Even with reliable access to observability data, incident response remains a manual, reactive process. On-call engineers must piece together the root cause of the incident from multiple data sources, draft mitigation plans, coordinate across teams, and then repeat the cycle when similar issues recur. This reactive approach does not scale as applications grow more complex and distributed.

AWS DevOps Agent changes this by introducing autonomous, always-on incident triage and investigation to your operations. AWS DevOps Agent is your always-available operations teammate that resolves and proactively prevents incidents, optimizes application reliability and performance, and handles on-demand SRE (Site Reliability Engineer) tasks across AWS, multicloud, and on-prem environments. It learns your resources and their relationships, correlates telemetry, code, and deployment data across your environment, and drives systematic improvements that prevent future incidents. Now, this also has several new capabilities that were not available during preview. It coordinates incident response automatically through channels like Slack, PagerDuty, and ServiceNow, keeping the right people informed without manual effort. It also delivers proactive prevention recommendations that address root causes before they lead to repeat incidents. In addition, DevOps Agent now supports multicloud and on-premises environments, extending its reach beyond AWS-only workloads to meet teams wherever their infrastructure runs.

With its built-in Datadog MCP Server integration, AWS DevOps Agent can pull the right Datadog context during an investigation, such as searching error logs, analyzing span-level latency, and reviewing recent deployment events. Together, these new features give engineering teams a fully integrated, production-ready workflow for autonomous incident resolution across AWS and Datadog.

Setting Up and Using AWS DevOps Agent with Datadog

In this section, we will guide you through the steps required to enable Datadog MCP Server in your AWS DevOps Agent account and configure it for incident resolution.

Pre-requisites

For this walkthrough, you should have access to and understanding of the following:

  • An AWS account
    • Agent Space role – for basic service operations
    • Agent Space web app role – for using the Agent Space web app functionality
    • (Optional) Secondary source account roles if monitoring multiple AWS accounts.
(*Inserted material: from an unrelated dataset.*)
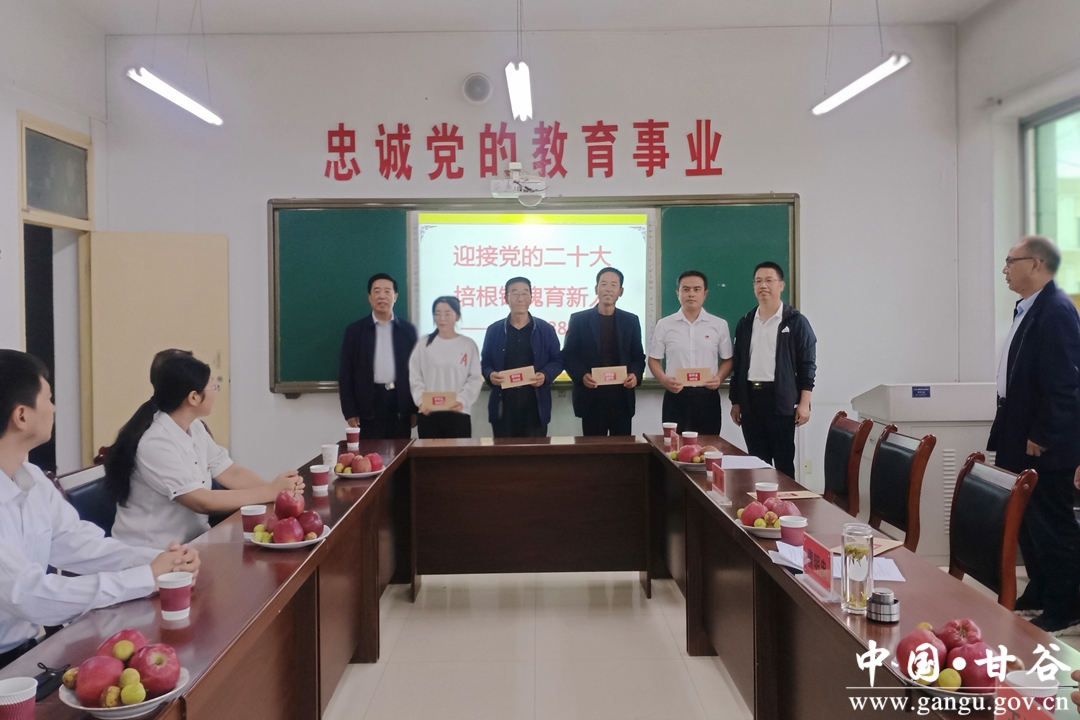 9月8日,在第38个教师节来临之际,县政协主席曹明忠带领教育局负责人来到甘谷四中,看望慰问谢家湾、武家河、白家湾等学区和四中、文泽学校老党员教师、困难教师和优秀教师,给他们送去了慰问金,并通过他们为全县教育工作者致以节日的祝福与问候。县政协副主席魏杰一同慰问。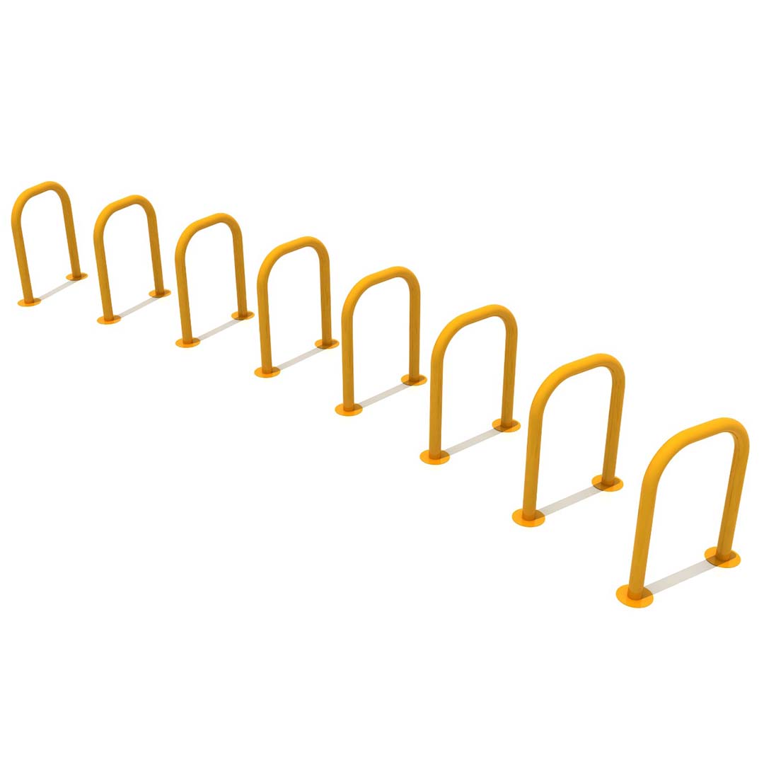 Componente canino (arco) fabricado en acero galvanizado con acabado en pintura electrostática. Set de 8 piezas. Medidas: 0.90 x 0.10 x 1.20h m. Área de seguridad: 3.90 x 3.10 m.

Refer to the DevOps Agent user guide for the details on setting up these roles.
  • A Datadog account
  • Access to Datadog MCP Server

Setting up Datadog in the AWS DevOps Agent Console

  1. Start in the AWS DevOps Agent console by connecting your Datadog account.
  2. Navigate to Capability Providers, select the Datadog integration panel and click Register button.
  3. Enter Server Name, Endpoint URL, an optional Description, and click the Next button.
  4. AWS DevOps Agent validates the connection and displays a confirmation message.

Inside the AWS DevOps Agent console showing the connection for Datadog MCP Server

Figure 1: Setting up Datadog MCP Server in AWS DevOps Agent Console

Create an AWS DevOps Agent Space

Create an Agent Space in your primary AWS account to serve as the operational hub for incident investigations.

  • Open the AWS DevOps Agent console in us-east-1.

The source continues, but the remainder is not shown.